The main thing that is wrong in your code is that you do not update the value of i so that i stays equal to 0 forever, hence you get an infinite loop.

The idea behind my suggestion to use a while`` loop was to avoid the use of the computation of the square root , which is slow (moreover, the way it is done, it involves the symbolic ring, which is very slow).

Here is a simple possibility:

squares = []
i = 0
while i*i < n:
    squares.append(i*i)
    i += 1

As you can see, i do not compute any square root.
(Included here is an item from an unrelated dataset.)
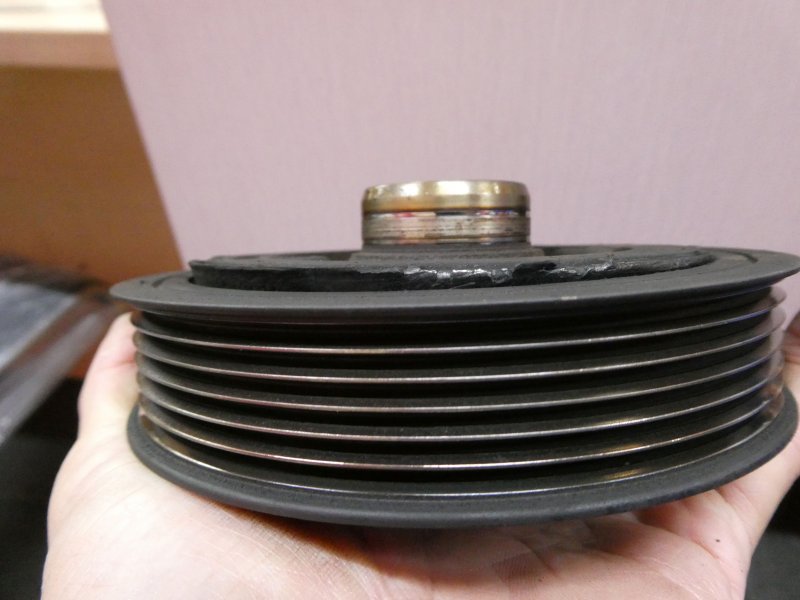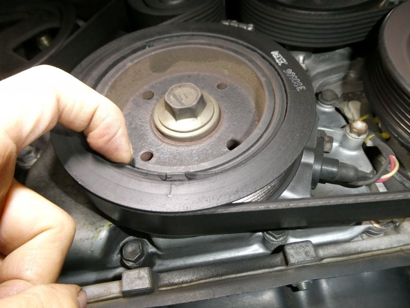 エンジンを回しベルトの振れを確認。プーリーのダンパー剥がれにより、ベルトとクランクプーリーの交換を指摘。今回は、新品部品の在庫がまだあったので治るが、この年式は部品製造廃止になっているものも有る。

To make my point, let me define two function and compare their speed:

def slow(n):
    squares=[]
    for i in range(int(sqrt(n)+1)):
        squares.append(i*i)
    return squares

def fast(n):
    squares = []
    i = 0
    while i*i < n:
        squares.append(i*i)
        i += 1
    return squares

Now, let us benchmark:

sage: n = 95

sage: %time slow(n)
CPU times: user 12.3 ms, sys: 0 ns, total: 12.3 ms
Wall time: 11.4 ms
[0, 1, 4, 9, 16, 25, 36, 49, 64, 81]

sage: %time fast(n)
CPU times: user 71 µs, sys: 9 µs, total: 80 µs
Wall time: 91.8 µs
[0, 1, 4, 9, 16, 25, 36, 49, 64, 81]

As you can see, it is 100 times faster. You can also increase n and use %timeit instead of %time to test many times in a row and avoid some startup bias (note however that the square root is computed only once).

As a last word, you can notice that i compute the square of i twice in my function which is useless and costly ; as an exercice, you could try to avoid such a double computation and check if your method increases the speed.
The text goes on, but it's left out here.